Time, then, to reacquaint myself with the other Nabokovs I have, and have surely read, but which I can't remember anything about either. They will hardly match the perfection of Lolita, a novel for which I reserve the highest praise: that is, to shut up about it, and leave it to Little Mart:

You read Lolita sprawling limply in your chair, ravished, overcome, nodding scandalised assent.
---

* "He sees her / He starts to shake and cough / Just like the old man in / That book by Nabokov" - The Police, Don't Stand So Close To Me. For shame!
 
Shade, that is what make you different from jay.

You really don't have to bail him out. He's a big boy.
 
clueless said:
Sorry, Jay, but English was Nabokov’s native language, even though he pretended it was otherwise. English was the language spoken in his household –French went out of favour as upper class Russians means of communication after Napoleon’s little visit- and Russian was only used with the servants. It was harder for him to write in Russian

You may be right but….I’m still thinking Russian was his native. He grew up in St. Petersburg and then moved to England later. Maybe his pretending tricked me.

novella said:
You say absolutely nothing in the third 'review'; it's the same as the first, except with more words.

I never called it a ‘review’.
The whole point –and this really isn’t difficult, and I certainly didn’t think it would really be lost on you of all posters- is the reason for liking (or “loving”).
Which #1 gives none.
And that easily illuminates and “sameness”.
So, sorry.

What the heck is a 'precise configuration of words' if not 'writing'?

Hmmm, I’d think it probably means, um, precise configuration of words, which probably means ‘pretty good writing’.

Who cares what his native language is?

One who cares about the craft and process of writing. There are still a couple of us left.

It has no bearing on the experience of the reader.

Funny that. Sounds like a problem.

You say nothing about why it's 'controversial,' or what those mysterious 'themes' are.
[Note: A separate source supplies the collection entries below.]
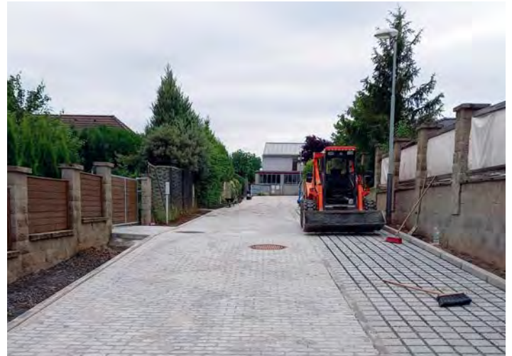
Vnitřní po rekonstrukci

První bruslařská sezona ukázala jeden zásadní problém mlatové cesty od čističky odpadních vod směrem do Areálu zdraví. V rámci rekonstrukcí výše uvedených ulic byl celý blátivý úsek vyasfaltován a odvodněn.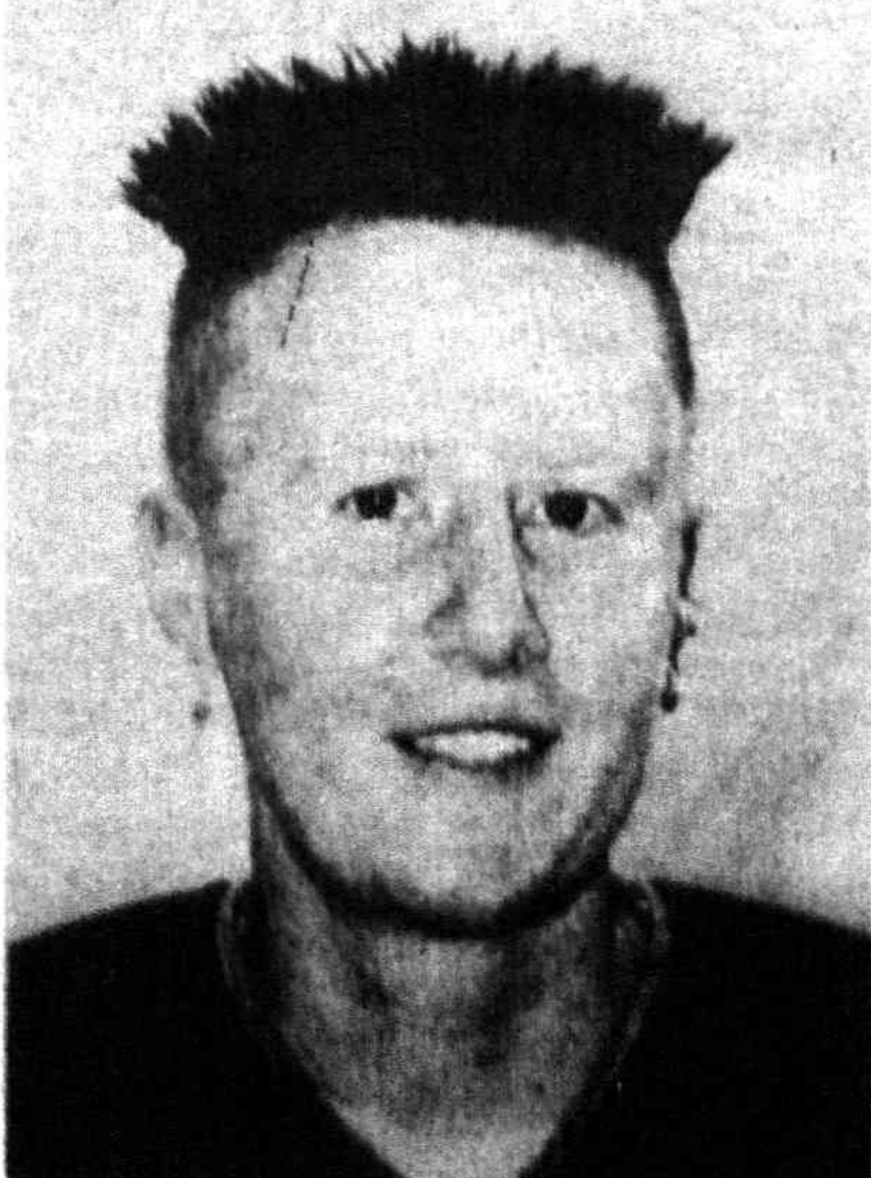
Лицо сегодняшней «коммунистки» — депутат Ангела Меркель от ПДС

Депутаты парламента имеют огромные права, даже неожиданные — при осмотре здания нам разрешили понаблюдать за ходом заседания Бундестага. Рядом с нами было много других людей. Мы поинтересовались: кто они?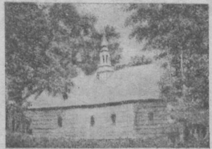
Дерев'яна старинна церква в Іздебах, коло Березова, збудована в 17 ст.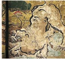
唐獅子図 薬園八幡神社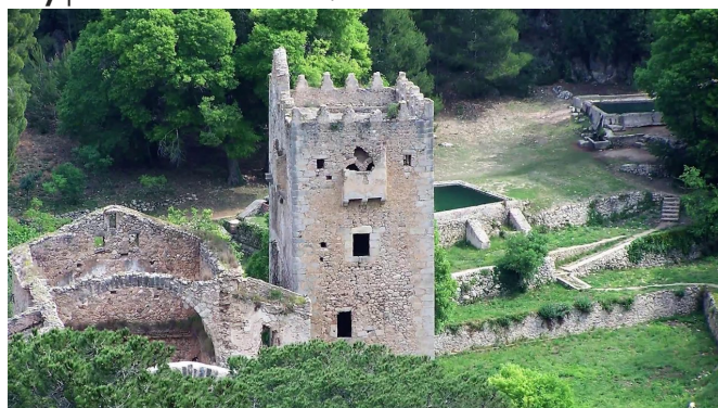
Ruinas del monasterio jerónimo de Santa María de la Murta (Alcira) en el que se firmó la compraventa del señorío de Elda un 4 de septiembre de 1513.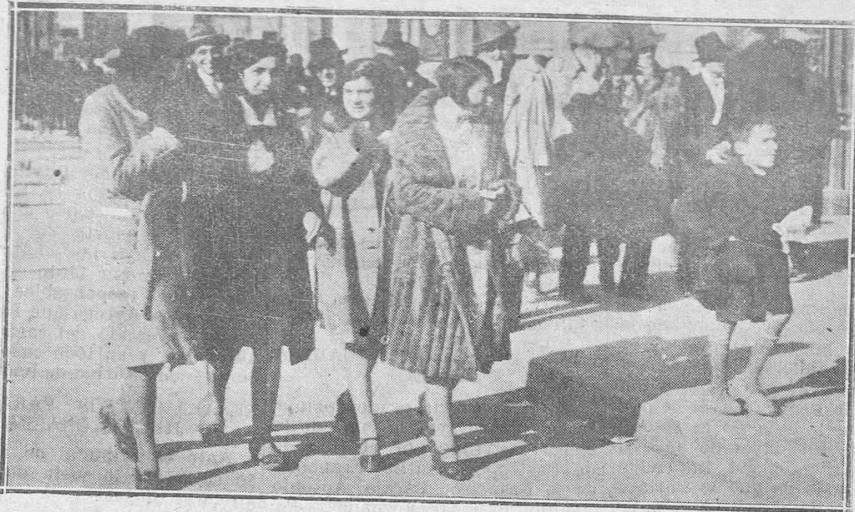
OVIEDO. — En la hora del paseo.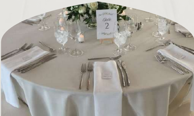
Table ronde (150 cm)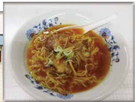
しょうゆラーメン 600 円

営業 11:00 ~ 19:00 住所 留萌市栄町 1 丁目 4-24 (留萌駅すぐ近く)

It just has no content.

It was an example.
A primitive, few lined one.
Not a review as such.
A post in comparison to the general ‘I just finished reading’ post, a theme which you yourself have griped about in the past, in memory serves.
And when controversy is stated as not being important, well, then it’s really not important to write about (!) fer chrissake.

At least reading no. 2 I know that the reviewer got his rocks off reading the book.

As I hinted, this type of review may get some to look into the book.
I’m sure the Nabokov Estate will appreciate your purchase.

The third review is the worst kind of empty bullshit.

Whatever you say...
 
novella said:
Shade, that is what make you different from jay. You really don't have to bail him out. He's a big boy.

!!??
Please, my dear Novella, in the past you’ve tried to put me in check and haven’t even captured a pawn. Bail me out?
I think my “semi-reviews” (which I’ve always called them) are a bit different then the “examples of posts” I gave above.

Why do so many people love to bloody misquote around here? And then people get bent out of shape when I bring up the difference between reading and comprehension…

Sorry Novella, while this thread *has* bounced around a bit I never intended it to a be “how to write a review” tangent.

Nice writer up, Shade. I only wish I were napping…more and more.
j
 
novella said:
You really don't have to bail him out

I know that. But as I had gone on record as supporting the point he was making, I felt the need to emphasise it in my own way when it was challenged.